AI startup Perplexity is crawling and scraping content material from web sites which have explicitly indicated they don’t wish to be scraped, in response to web infrastructure supplier Cloudflare.
On Monday, Cloudflare published research saying it noticed the AI startup ignore blocks and conceal its crawling and scraping actions. The community infrastructure big accused Perplexity of obscuring its id when attempting to scrape net pages “in an try to bypass the web site’s preferences,” Cloudflare’s researchers wrote.
AI merchandise like these provided by Perplexity depend on gobbling up massive quantities of knowledge from the web, and AI startups have lengthy scraped textual content, photographs, and movies from the web many instances with out permission to make their merchandise work. In current instances, web sites have tried to struggle again by utilizing the online customary Robots.txt file, which tells engines like google and AI corporations which pages may be listed and which shouldn’t, efforts that have seen mixed results so far.
Perplexity seems to be willingly circumventing these blocks by altering its bots’ “person agent,” which means a sign that identifies a web site customer by their system and model kind, in addition to altering their autonomous system networks, or ASN, basically a quantity that identifies massive networks on the web, in response to Cloudflare.

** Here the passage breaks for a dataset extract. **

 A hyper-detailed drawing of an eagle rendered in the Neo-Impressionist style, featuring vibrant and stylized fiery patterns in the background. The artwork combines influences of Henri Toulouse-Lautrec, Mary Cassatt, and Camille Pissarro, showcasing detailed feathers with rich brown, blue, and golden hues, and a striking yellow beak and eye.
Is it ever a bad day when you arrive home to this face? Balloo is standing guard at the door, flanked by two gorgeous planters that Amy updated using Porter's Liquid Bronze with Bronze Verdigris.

“This exercise was noticed throughout tens of hundreds of domains and thousands and thousands of requests per day. We had been in a position to fingerprint this crawler utilizing a mix of machine studying and community alerts,” learn Cloudflare’s put up.

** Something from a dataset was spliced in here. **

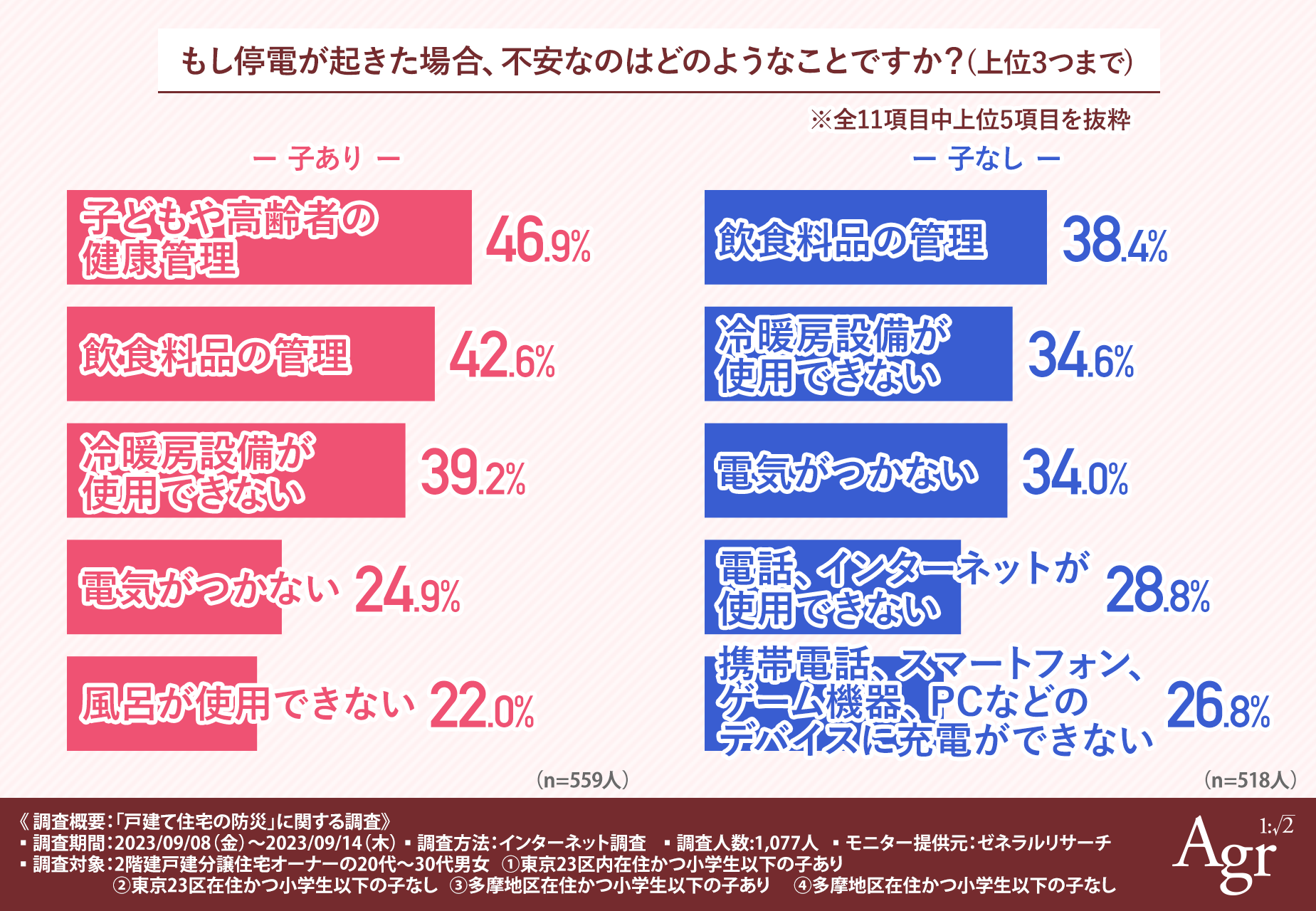子どもがいる家庭では健康管理が最も不安がある一方、子どもがいない家庭では飲食料品の管理や、電話が使えない・充電ができないということに不安を感じる方が多く、子どもの有無で停電に対する不安なポイントに違いがでております。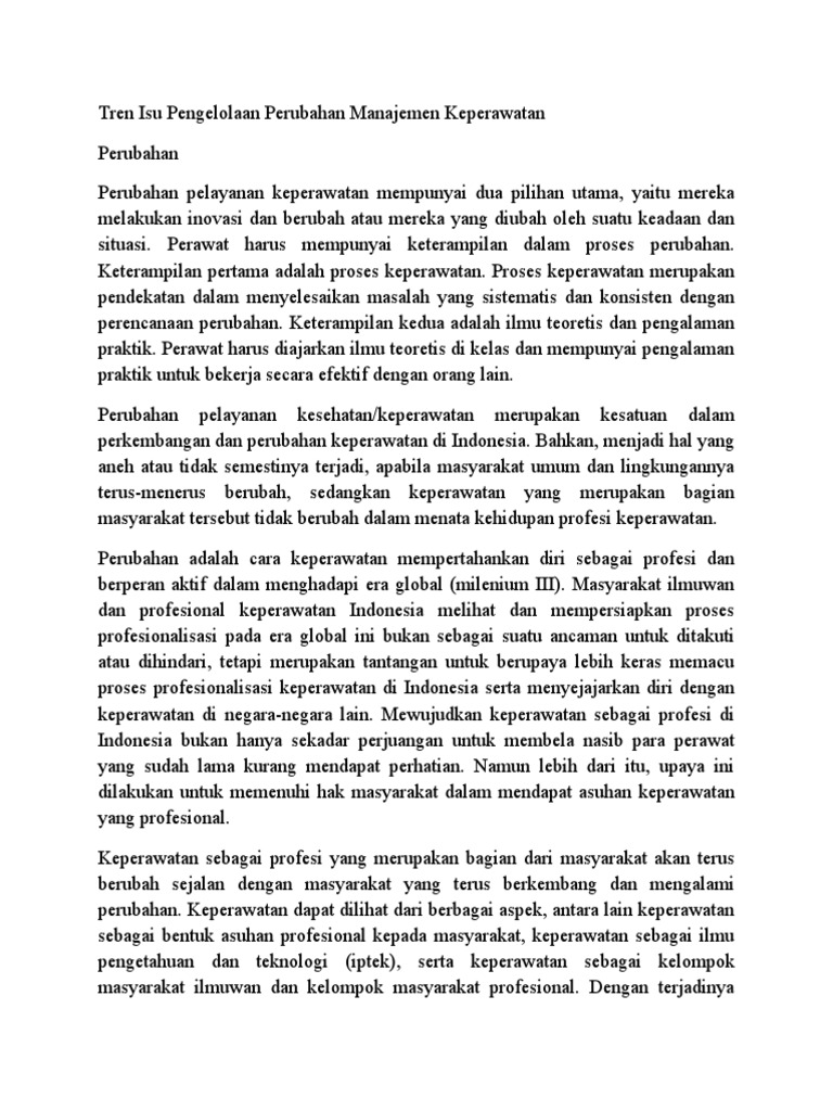 Tren Isu Pengelolaan Perubahan Manajemen Keperawatan

Perplexity spokesperson Jesse Dwyer dismissed Cloudflare’s weblog put up as a “gross sales pitch,” including in an e mail to TechCrunch that the screenshots within the put up “present that no content material was accessed.” In a follow-up e mail, Dwyer claimed the bot named within the Cloudflare weblog “isn’t even ours.”

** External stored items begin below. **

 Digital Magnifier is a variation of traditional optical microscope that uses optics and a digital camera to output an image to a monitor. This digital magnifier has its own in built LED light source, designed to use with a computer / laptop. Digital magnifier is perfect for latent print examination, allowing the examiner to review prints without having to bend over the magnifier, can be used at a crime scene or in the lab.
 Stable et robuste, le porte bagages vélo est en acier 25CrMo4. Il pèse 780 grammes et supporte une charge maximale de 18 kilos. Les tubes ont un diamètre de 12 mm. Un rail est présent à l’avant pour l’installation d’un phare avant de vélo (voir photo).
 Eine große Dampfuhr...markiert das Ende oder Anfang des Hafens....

Cloudflare mentioned it first observed the habits after its clients complained that Perplexity was crawling and scraping their websites, even after they added guidelines on their Robots file and for particularly blocking Perplexity’s identified bots. Cloudflare mentioned it then carried out checks to test and confirmed that Perplexity was circumventing these blocks.
Techcrunch occasion
San Francisco
|
October 27-29, 2025
“We noticed that Perplexity makes use of not solely their declared user-agent, but additionally a generic browser meant to impersonate Google Chrome on macOS when their declared crawler was blocked,” in response to Cloudflare.
The corporate additionally mentioned that it has de-listed Perplexity’s bots from its verified listing and added new methods to dam them.
Cloudflare has not too long ago taken a public stance towards AI crawlers. Final month, Cloudflare announced the launch of a marketplace permitting web site homeowners and publishers to cost AI scrapers who go to their websites. Cloudflare’s chief govt Matthew Prince sounded the alarm on the time, saying AI is breaking the enterprise mannequin of the web, significantly publishers. Final 12 months, Cloudflare additionally launched a free tool to stop bots from scraping web sites to coach AI.
This isn’t the primary time Perplexity is accused of scraping with out authorization.
Final 12 months, information shops, such as Wired, alleged Perplexity was plagiarizing their content. Weeks later, Perplexity’s CEO Aravind Srinivas was unable to immediately answer when requested to supply the corporate’s definition of plagiarism throughout an interview with TechCrunch’s Devin Coldewey on the Disrupt 2024 convention.